This is a brilliant idea for YC. Having gone thru the YC experience and demo day, I would say that the scarcest resource for YC companies is that bridge between "just launched" and Series-A-fundable or profitable.

A lot of companies can be lean enough to survive this phase on their own, but a lot teams/projects are capital intensive (or slow to get revenue) amd need seed-stage help. There are precious few VCs that focus on this stage (True Ventures, First Round, USV, SoftTech, etc).


Not just for YC companies. I've gradually come to believe that the number of viable startups is more a function of the amount of angel investing going on than any other factor. VCs are useful in getting really big, but without angels startups don't survive to the point where VCs are willing to invest.


"Have you thought about investing in startups, but didn't know how? [...] How do you pick winners?"

Why not raise a side fund and do full fledged seed investing if you can pick winners?


These are the Glengarry leads.


Can someone explain what this means?


It's a memorable line from a monologue delivered by the Alec Baldwin character in the movie 'Glengarry Glen Ross'.

[scene] http://www.youtube.com/watch?v=y-AXTx4PcKI

[transcript] http://www.whysanity.net/monos/ggr2.html

(Language is NSFW... unless of course your workplace is like the one in the movie.)


A more modern, work-safe version from SNL:

http://www.hulu.com/watch/3362/saturday-night-live-glengarry...


Only for closers? Or are you referring to whether they are ultimately not the types of investors you would want anyway?

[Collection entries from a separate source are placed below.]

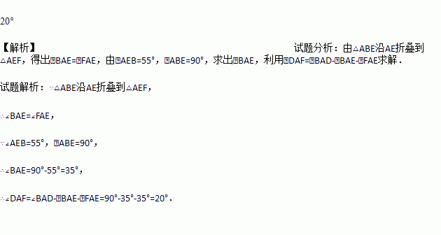 如图,E是矩形ABCD中BC边的中点,将△ABE沿AE折叠到△AEF,F在矩形ABCD内部,延长AF交DC于G点,若∠AEB=55°,∠DAF=________.
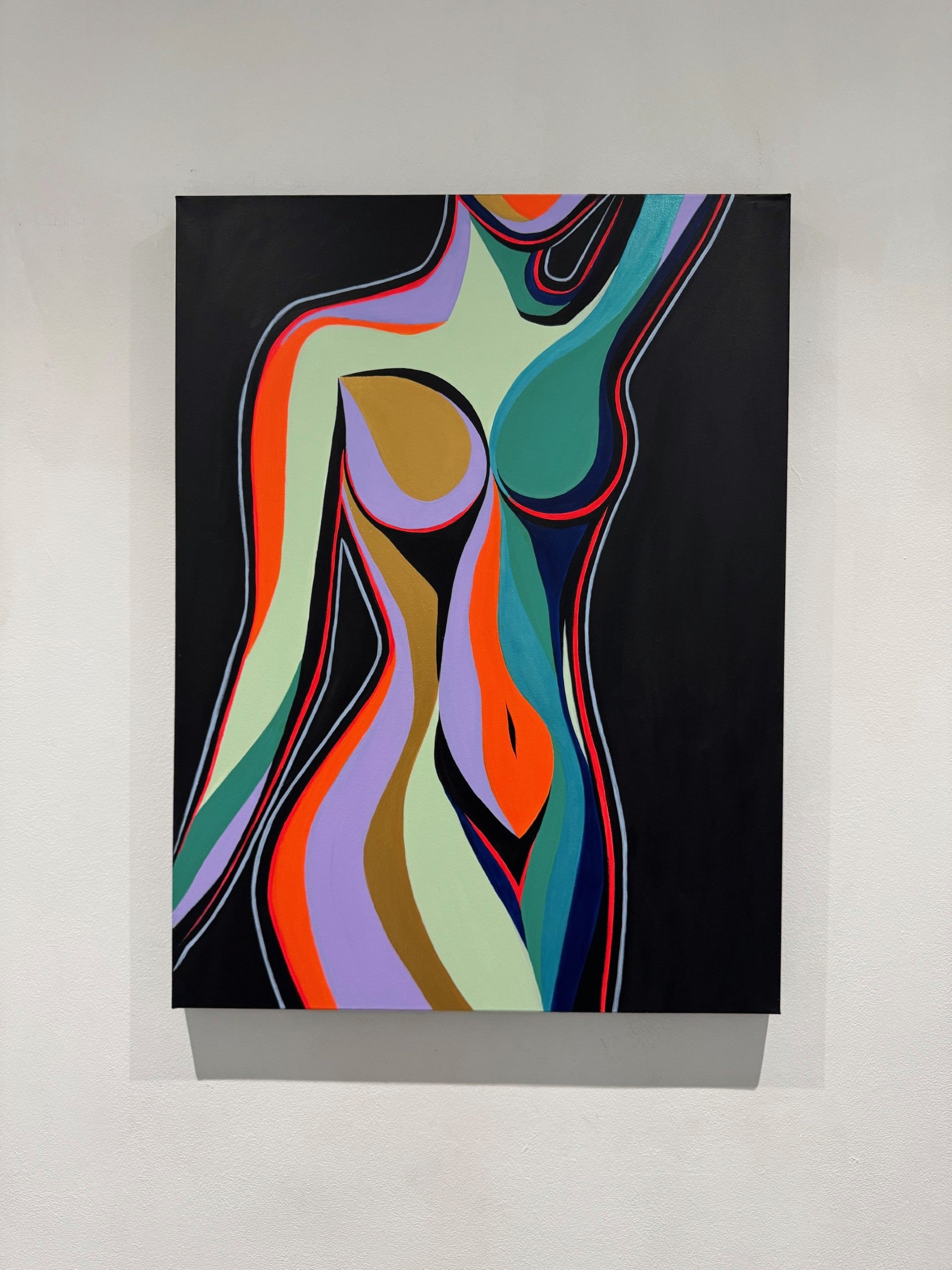 With electric hues of neon orange and green, the piece pulses with vibrancy, defiance and life.
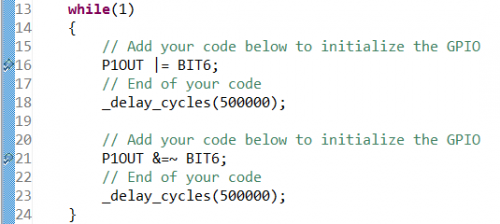 将程序编译并下载到LaunchPad中开始运行,LED是否按照预期开始闪烁了呢?如果没有也不用着急,下面我们将介绍如何在CCS中利用断点和单步调试功能对一个程序进行调试。在此之前请参考本实验的solution代码,该代码是本实验的示例代码。
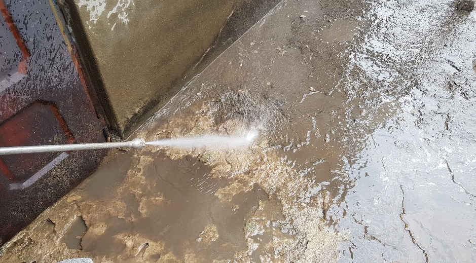 바닥을 정리한 후에는 물청소 작업을 진행합니다.

If the latter, (a) anybody willing to give you money now is someone you should consider, (b) if you look at people who are considered sophisticated now, they all were considered unsophisticated at some point.


I'm hoping someone is going to post videos (if permitted).

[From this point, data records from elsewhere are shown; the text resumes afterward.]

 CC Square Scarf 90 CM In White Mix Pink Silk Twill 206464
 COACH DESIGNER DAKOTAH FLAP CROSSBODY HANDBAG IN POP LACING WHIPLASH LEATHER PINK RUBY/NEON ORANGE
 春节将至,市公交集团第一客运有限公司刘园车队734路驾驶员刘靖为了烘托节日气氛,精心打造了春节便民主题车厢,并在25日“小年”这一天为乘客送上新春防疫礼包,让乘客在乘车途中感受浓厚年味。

Justin.TV just agreed to webcast it.


Good idea! This seems like the type of thing that will really help stimulate the economy and help liquidity start flowing again.


I think its really great of YC to run a free event for this stuff - kudos to them, and good luck.


Well, of course it's free. They're trying to beef up the angel market so that YC companies have more options to turn to.

For YC it naturally makes sense, to the extent that it's possible, to be the hub for early stage investors and entrepreneurs.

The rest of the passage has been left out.